Esposito continues that as Lamberton is telling his story he notes the ongoing tale of corrupt Arizona governor Fife Symington:

This isn’t the only double-standard Lamberton reflects on in Time of Grace. Throughout his narrative he occasionally dips into the ongoing affairs of former Arizona governor Fife Symington, who is undergoing investigation for taking bribes from Big Tobacco while in office. Symington is permitted to stay in his vacation ranch in Honduras during the proceedings (a common criminal would be in a cell) while Big Tobacco pays his public relations expenses all the way. Eventually he gets off, and neither Lamberton nor his friends are surprised.

Ah, Big Tobacco to the rescue!  Isn’t it wonderful how government officials can escape jail via the scum they associate with, whose only contribution to society is small boxes of poison and sexist advertising?

I agree with Esposito’s wonderment at the end of his reviews as to what exactly is the purpose of prisons?  Corrupt officials like Symington, who take money from purveyors of poison, get off but people like Lamberton can be “interred in a mental ward indefinitely” if the state so chooses.  Esposito points about that before stealing two presidential elections, George W. Bush “executed more prisoners than any other.”  Bill Clinton, while campaigning to become president in 1992 went back to Arkansas to execute a mentally retarded man.  A country that “does not torture,urinates on copies of the Koran,  and allows the disturbing things that took place at Abu Ghraib to happen.

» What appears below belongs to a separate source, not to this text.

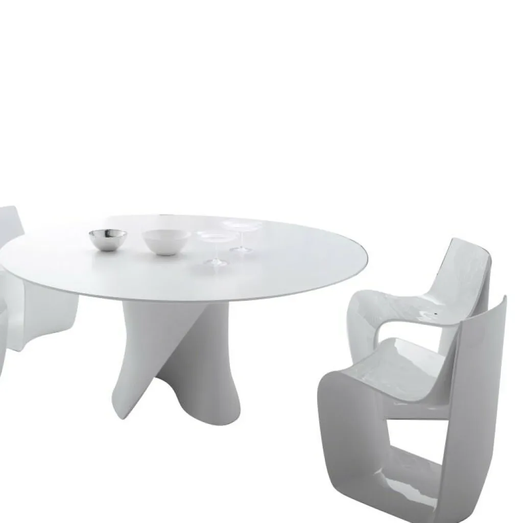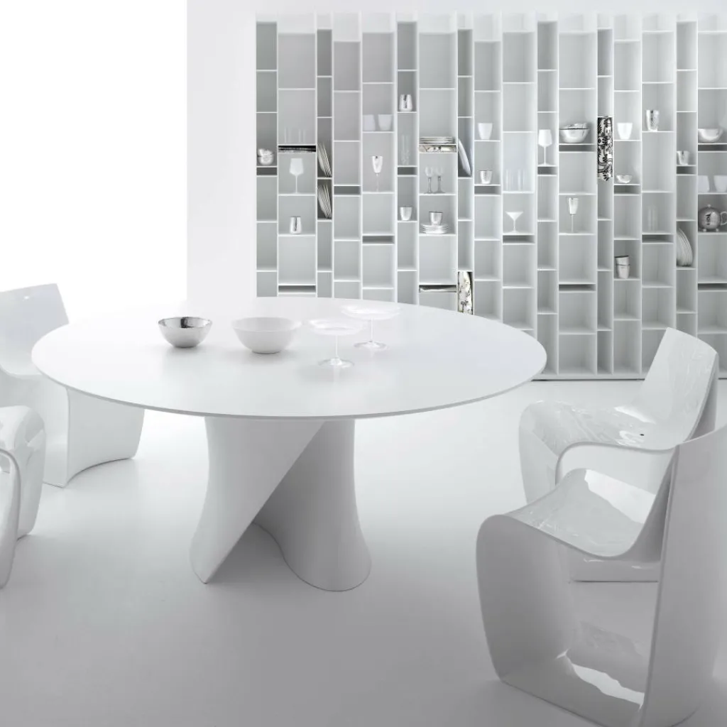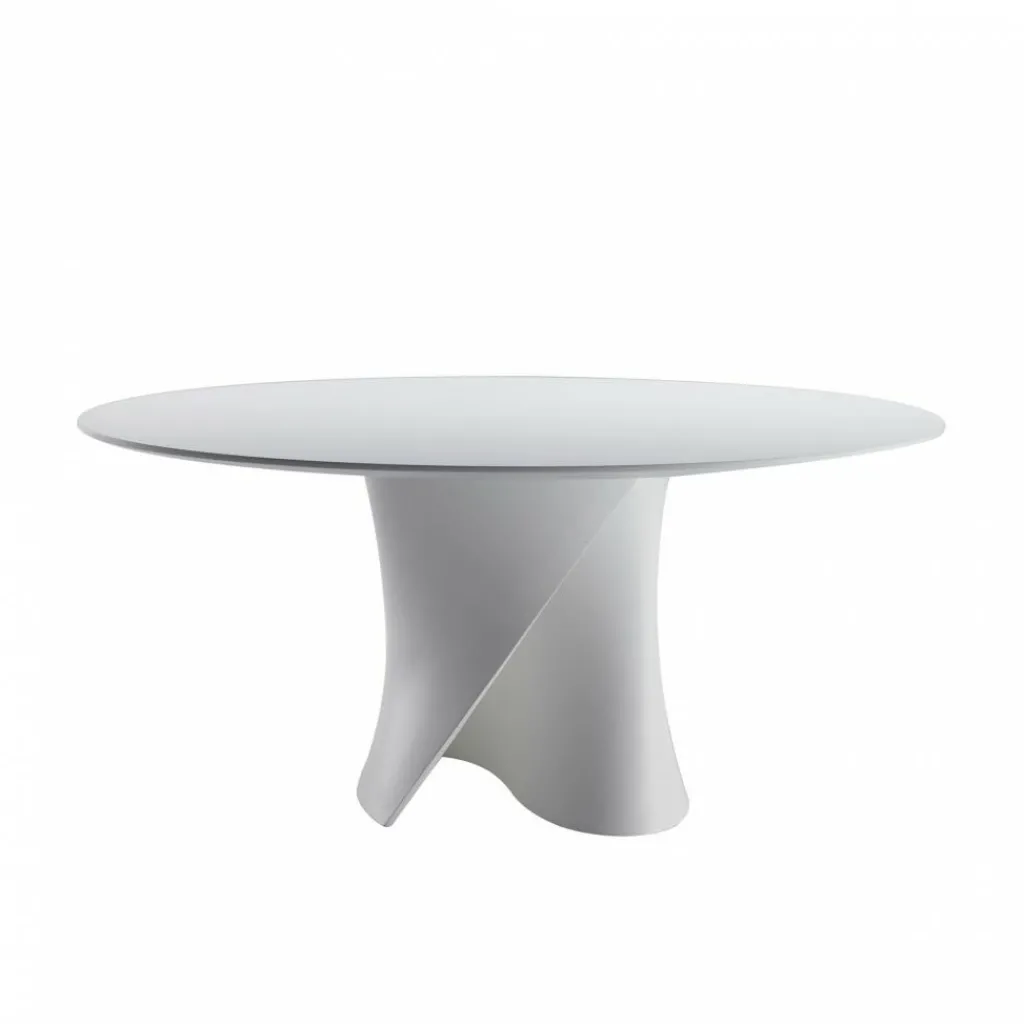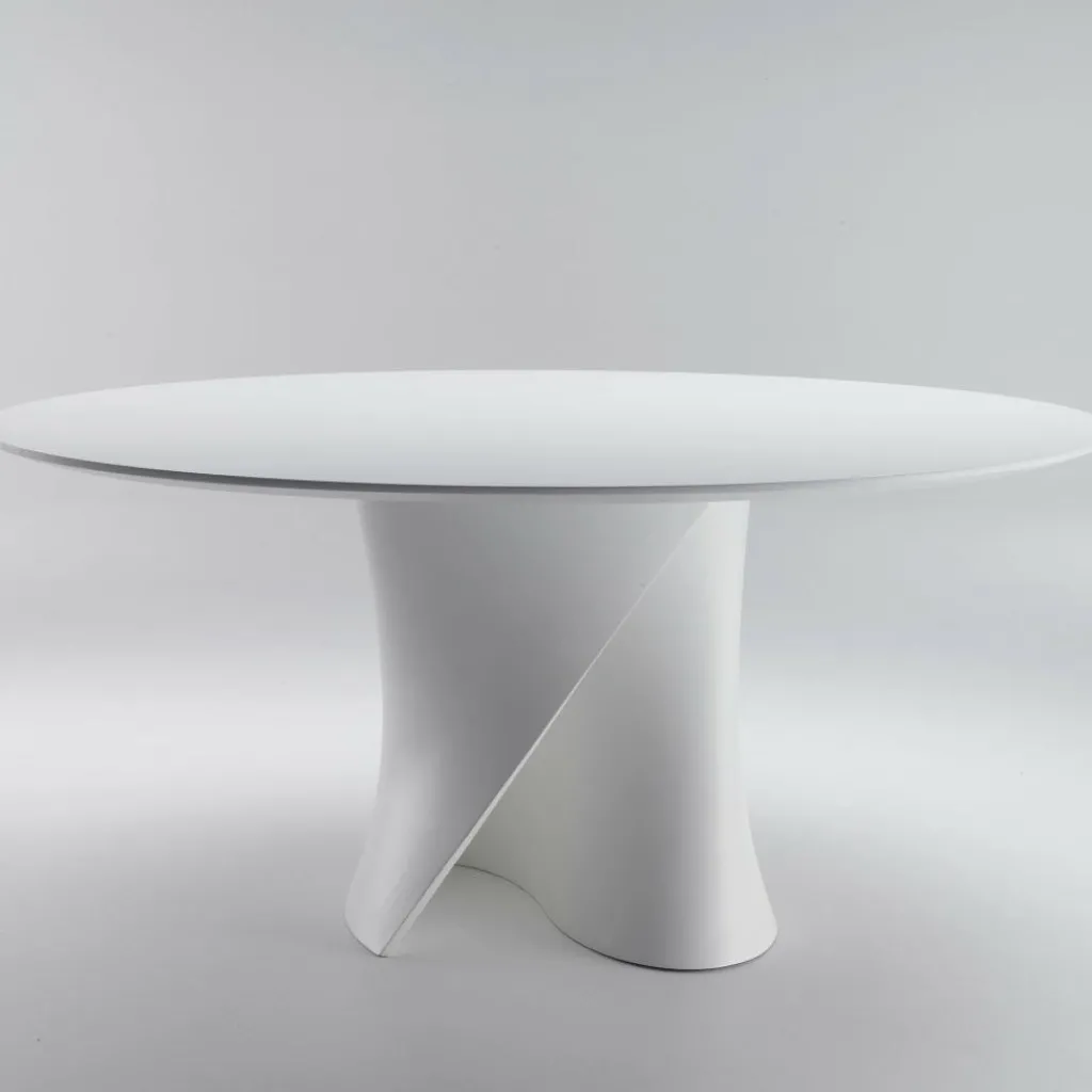 Dieser runde Tisch S Table Esstisch besitzt eine eigenwillig geschwungene S-förmige Basis aus durchgängig pigmentiertem Mineralpolyesterverbund und eine Tischplatte, die wahlweise aus 15mm starkem, transparentem, gehärtetem Glas oder aus 30mm starker MD-Holzfaserplatte besteht. Letzterer S Table Esstisch / S Table Tisch mit Holzplatte wird in weißlackiertem und kratzfestem Finish geliefert, siehe unsere MDF Italia S-Table „Produktvarianten“.

I think I am going to look into both of these books sometime down the line.  I don’t have any answers to how the prison system can be fixed, or any perfect answers for what should be done with sex offenders, but I do believe in rehabilitation and second chances.  Shame, sticking someone in a mental home, or capital punishment doesn’t seem to be working.  I am very concerned with how a prisoner will come out of prison at the end of their stay.  Will they be a productive member of society?  Will society assist them and allow them to be even?  Or will they end up committing the same, or similar, crimes?  To conclude, I agree with Esposito’s final statement:

Lamberton notes that 95 percent of all people currently incarcerated in Arizona will be getting out over the next decade. They will be members of communities. They will be people’s neighbors. What do we want them to have learned while they were in prison? Would we prefer that they return to society with a chance of flourishing in it or preordained to be outcasts?